The contents of the package should be consistent with the guidelines described here: http://almasw.hq.eso.org/almasw/bin/view/Archive/Cycle01database

A pdf document with a more detailed description of the packaging script: documentation.pdf

Running the script

The script should be run from within casa. It can be run from any directory. The import is done with

from QA2_Packaging_module import *

Then run the script with

QA_Packager(origpath='/pathToMySB',readme='./README.header.txt',packpath='./2011.0.00XXX.S',
append='',mode='fake')

  • origpath should be the path to the reduction directory for a particular SB. Several subdirectories for EBs could exist within this directory.
  • packpath: the path to the destination folder (which should have the project code as name)
  • paths should not end in /
  • readme: The path to an ascii file with the text of the README header (for a template see this link at ESO or find it in the CVS repository here: AIV/science/qa2/README.header.txt, or use the text at the bottom of this page)
  • mode: The copying mode:
    • mode = ’fake’ : This is the default. The script creates empty (i.e., dummy) files at the destination folder.
    • mode = ’copy’ : The files are copied in the normal way.
    • mode = ’hard’ : The script generates hard links in the destination folder. This way, the file-pointers at both the origin and the destination folders, refer to the same physical locations (i.e., inodes) in the disk. This is the recommended way of packaging.
    • BEFORE PACKAGING WITH 'HARD' type:
    • <font size="2"><span style="font-size: 10pt">execfile('/diska/work/software/jao-mirror/AIV/science/qa2/QA2_Packaging_module.py')</span></font>

      Then run the script with

      QA_Packager(origpath='/pathToMySB',readme='./README.header.txt',packpath='./2011.0.00XXX.S',
      append='',mode='hard')
    • mode = ’move’ :The files are moved from the origin to the destination. Then, symbolic links are created at the origin. The symbolic links are never made to whole folders, but only to files (to avoid, for instance, an accidental deletion of whole folders at the destination path by removing the content of a linked folder).
    • mode = ’ticket’ : Similar to ’fake’, but the files to be added to the JIRA ticket are hard-linked. This way, the packager will generate valid ticket tar/zip files, but the measurement sets and tables will not be copied. Recommended for creating the jira ticket file.
  • append: The appending mode (see below).
    • append = ’’ : This is the default. It removes any previous data at the destination folder before the packaging.
    • append = ’group’ :The script appends a new group id to the destination folder (so the other groups, if any, are not removed).
    • append = ’member’ : The script appends new member id(s) to the group with highest id (so the other groups, if any, and the other member ids, if any, are not removed).

Examples

For example, for project 229, which contains four SBs, one of them is called 'IRC10216_setup3_b6_run_x2', you can run:

QA_Packager(origpath='/scratch04/arcproc/project229/IRC10216_setup3_b6_run_x2',readme='./README.header.txt',
packpath='./2011.0.00229.S',append='',mode='fake')

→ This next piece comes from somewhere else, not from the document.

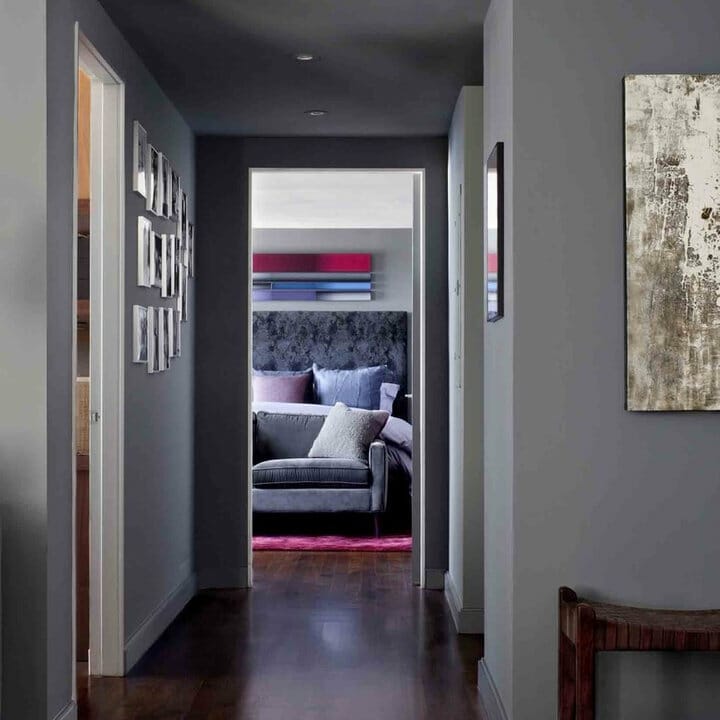 Just because the hallway has no sunlight doesn’t mean dark hues are your enemies. This windowless corridor, for example, boasts a deep warm grey ceiling and walls. They inspire serious sophistication as well as intimacy.

This will create a dummy directory structure 2011.0.00229.S. It is recommended to run it in this mode first. If everything looks OK, run it again with mode='hard', which is the recommended mode for packaging. The fake mode is very fast, but the 'hard' mode may take a while because split will have to be run several times to split out the relevant data columns from .split and .split.cal files.

The script will also produce two files with extension 'ticket.tar' and 'ticket.zip'. These are the files that can be attached to the data reduction ticket. They contain the README, the qa2 files, the scripts, and the expected size of the package. Attaching zip files to the jira ticket seems very convenient because these can be opened directly from the jira ticket, without having to download the whole file.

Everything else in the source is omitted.